- Opening Delimiter -

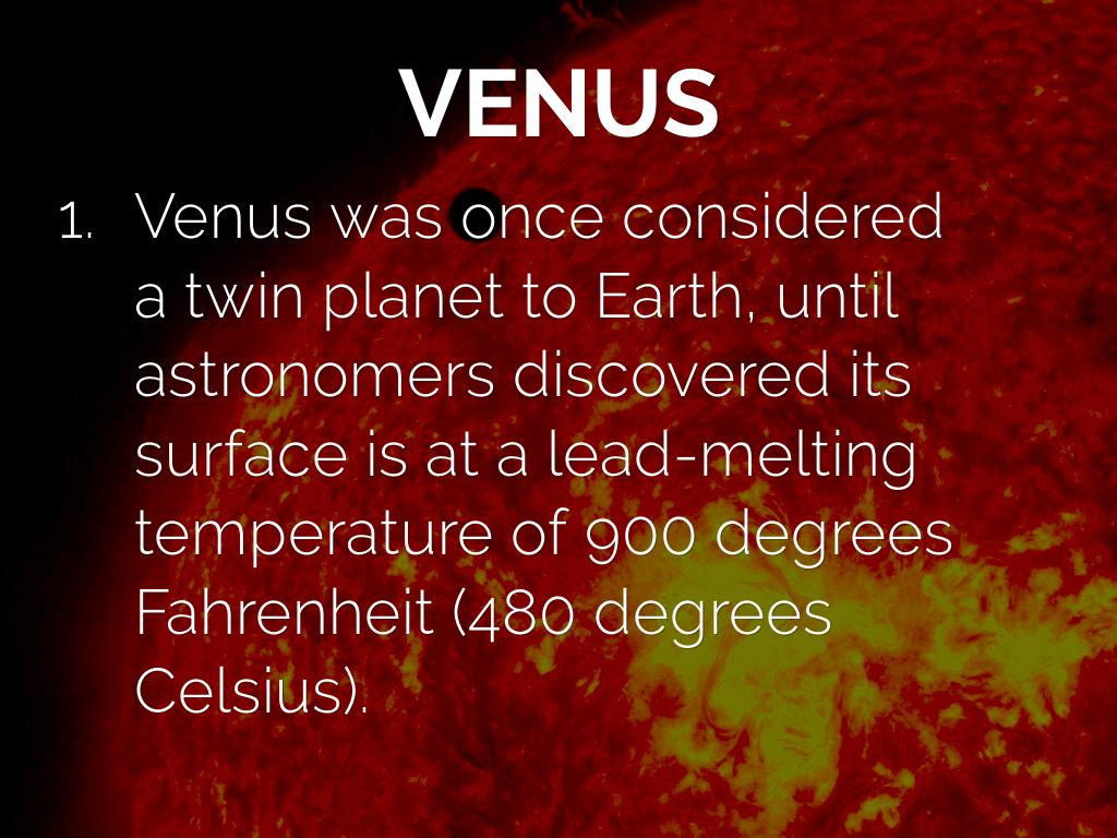 Venus was once considered a twin planet to Earth, until astronomers discovered its surface is at a lead-melting temperature of 900 degrees Fahrenheit (480 degrees Celsius).
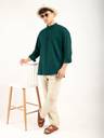 zbio Men Solid Cotton Blend Straight Kurta (Green)
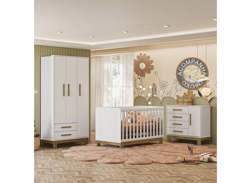 O menor preço encontrado no Brasil para Quarto de Bebê Qencanto Slim Completo Qmovi Branco Acetinado + Colchão Gazin atualmente é R$ 1.242,36.
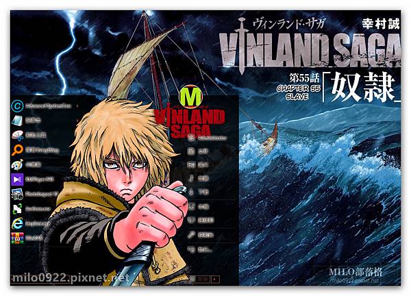 《 海盜戰記 》 Vinland Saga Win10 佈景主題THEME11 冰海戰記 作者幸村誠 ~中世紀的維京人號稱是地表最強的民族,他們以殘暴的手段攻擊歐陸,其中一位傳說中的戰士‧托爾茲的兒子托爾芬,從小在戰場上長大,跟著殺父仇人阿謝拉特不斷追求夢幻之地『Vinland!』....................
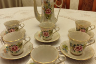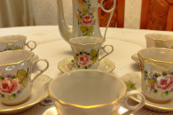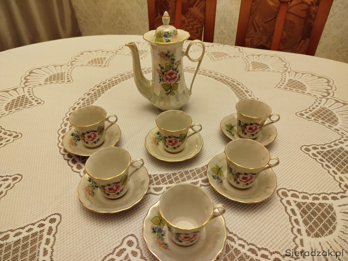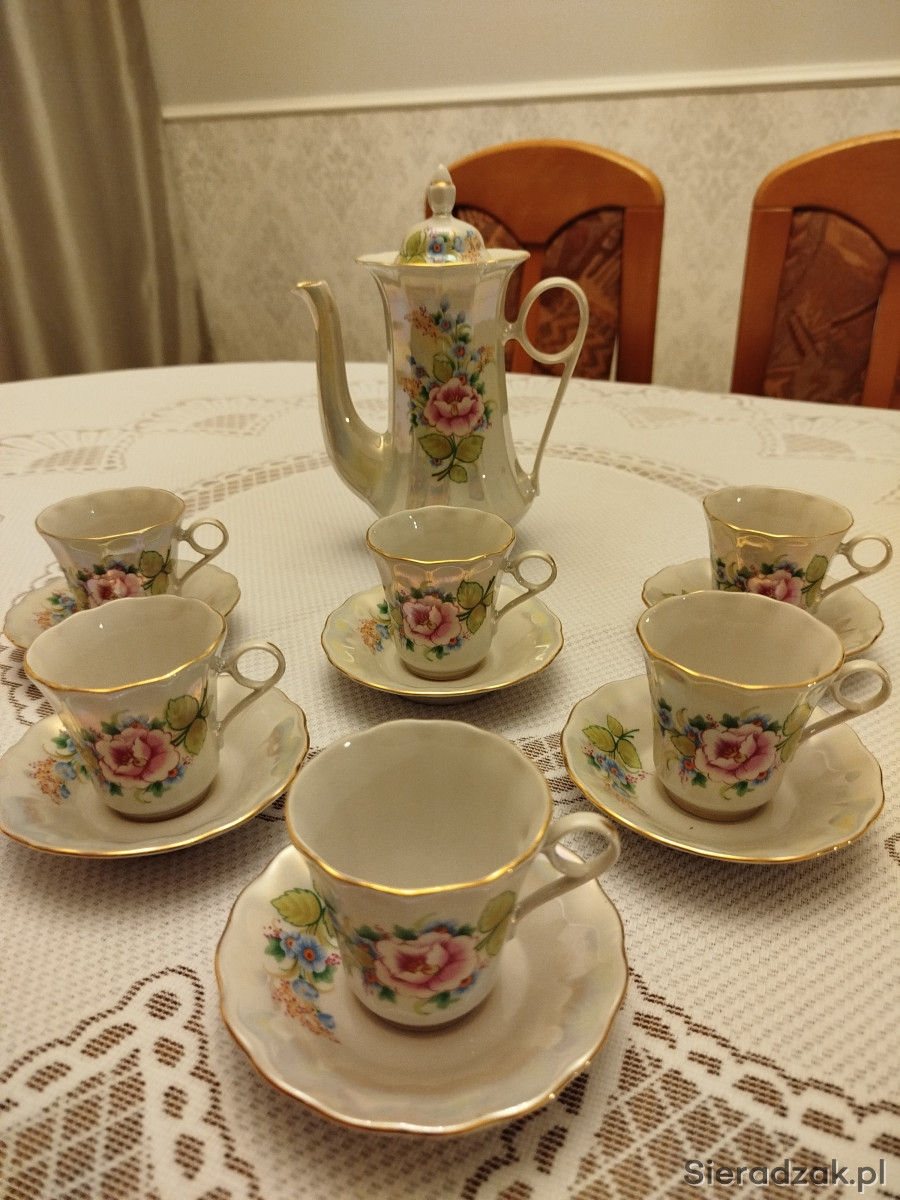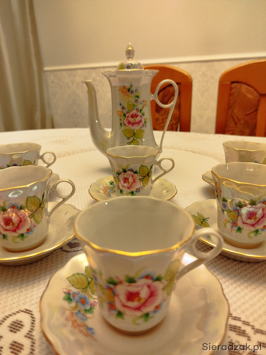 Do sprzedania piękny serwis kawowy. Masa perłowa ze złoceniami, opalizujący. Stan idealny, bez rys i przetarć. Produkcja: Fabryka Porcelany Korosteń.
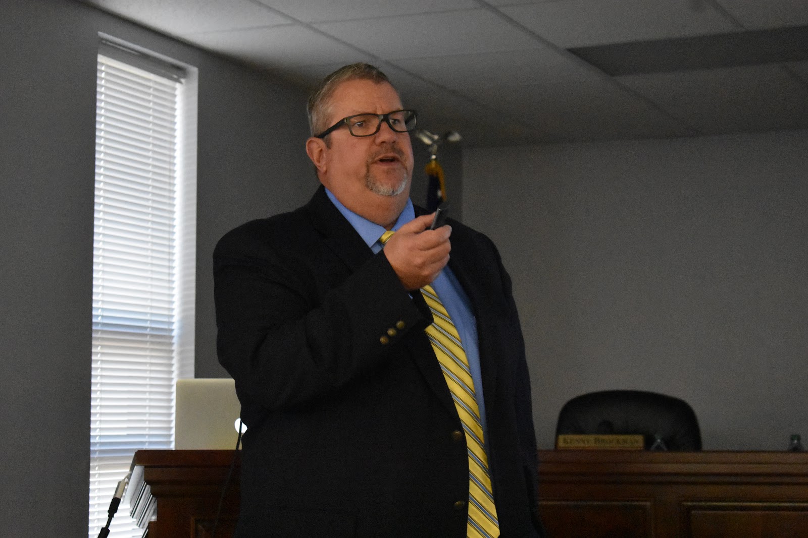 CCBOE Chief School Financial Officer Ed Roberson explains the 2020 budget before Monday’s vote. (W.C. Mann for The Cullman Tribune)
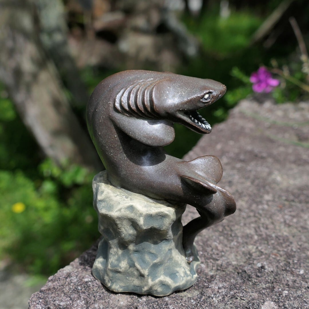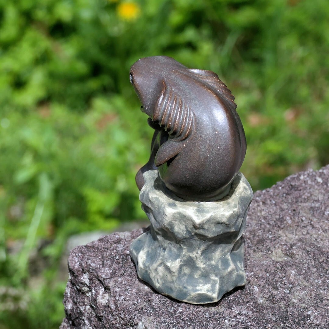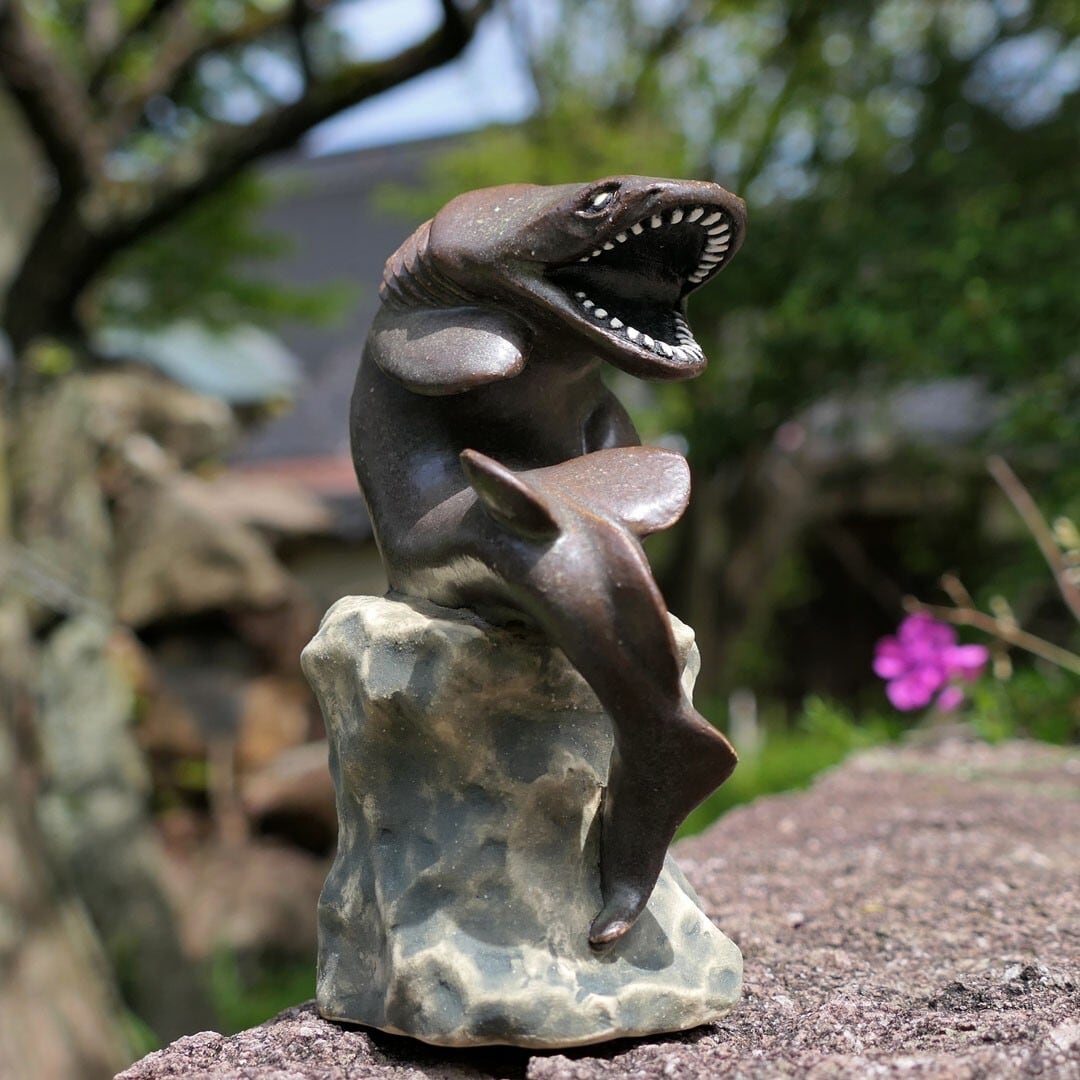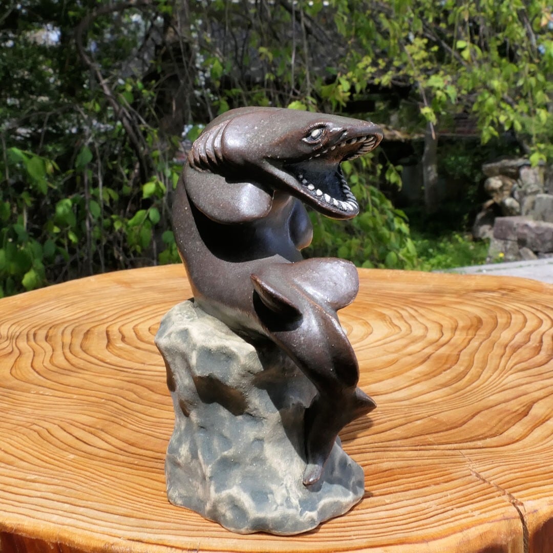考える人をラブカにアレンジした、陶製の彫刻です。
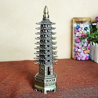 Metal Statue Statue Chinese Style WenChang Tower Model Figurine Alloy Miniature Pagoda Ornaments Office Home Desktop Decor
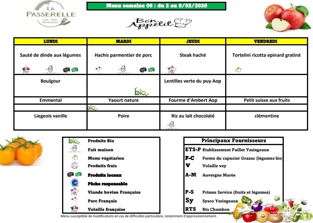 Cantine Scolaire: Menu . 30/01/2026 Voici le menu de la Cantine de la Semaine 06 de notre école St Joseph. Bon appétit ! Source : Mairie de Grazac

- Closing Delimiter -

TASK REQUIREMENTS — Give back the material above exactly, without pictures.

EXERCISE OUTPUT —
 Venus was once considered a twin planet to Earth, until astronomers discovered its surface is at a lead-melting temperature of 900 degrees Fahrenheit (480 degrees Celsius).
 zbio Men Solid Cotton Blend Straight Kurta (Green)
 O menor preço encontrado no Brasil para Quarto de Bebê Qencanto Slim Completo Qmovi Branco Acetinado + Colchão Gazin atualmente é R$ 1.242,36.
 《 海盜戰記 》 Vinland Saga Win10 佈景主題THEME11 冰海戰記 作者幸村誠 ~中世紀的維京人號稱是地表最強的民族,他們以殘暴的手段攻擊歐陸,其中一位傳說中的戰士‧托爾茲的兒子托爾芬,從小在戰場上長大,跟著殺父仇人阿謝拉特不斷追求夢幻之地『Vinland!』....................
 Do sprzedania piękny serwis kawowy. Masa perłowa ze złoceniami, opalizujący. Stan idealny, bez rys i przetarć. Produkcja: Fabryka Porcelany Korosteń.
 CCBOE Chief School Financial Officer Ed Roberson explains the 2020 budget before Monday’s vote. (W.C. Mann for The Cullman Tribune)
考える人をラブカにアレンジした、陶製の彫刻です。
 Metal Statue Statue Chinese Style WenChang Tower Model Figurine Alloy Miniature Pagoda Ornaments Office Home Desktop Decor
 Cantine Scolaire: Menu . 30/01/2026 Voici le menu de la Cantine de la Semaine 06 de notre école St Joseph. Bon appétit ! Source : Mairie de Grazac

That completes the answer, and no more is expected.